> [Collected data]
--------------------------------------------------
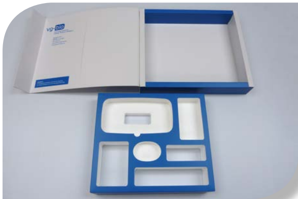
Double-wall bottom tray and insert
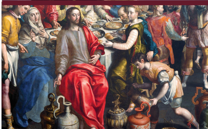
There was a wedding at Cana in Galilee, and the mother of Jesus was there. Jesus and his disciples were also invited to the wedding. When the wine ran short, the mother of Jesus said to him, "They have no wine." - Jn 2:1-3
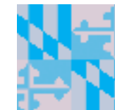
State of Maryland

While not a Founders’ Group member, the State of Maryland has appropriated $4.0 million in matching funds to date.
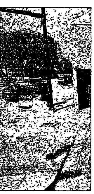
Northwe 51st Stre
--------------------------------------------------
> [EXERCISE BRIEF] An exact repeat of all the data is required, pictures excluded.

> [SOLUTION FOR THIS PROBLEM]
Double-wall bottom tray and insert
There was a wedding at Cana in Galilee, and the mother of Jesus was there. Jesus and his disciples were also invited to the wedding. When the wine ran short, the mother of Jesus said to him, "They have no wine." - Jn 2:1-3
State of Maryland

While not a Founders’ Group member, the State of Maryland has appropriated $4.0 million in matching funds to date.
Northwe 51st Stre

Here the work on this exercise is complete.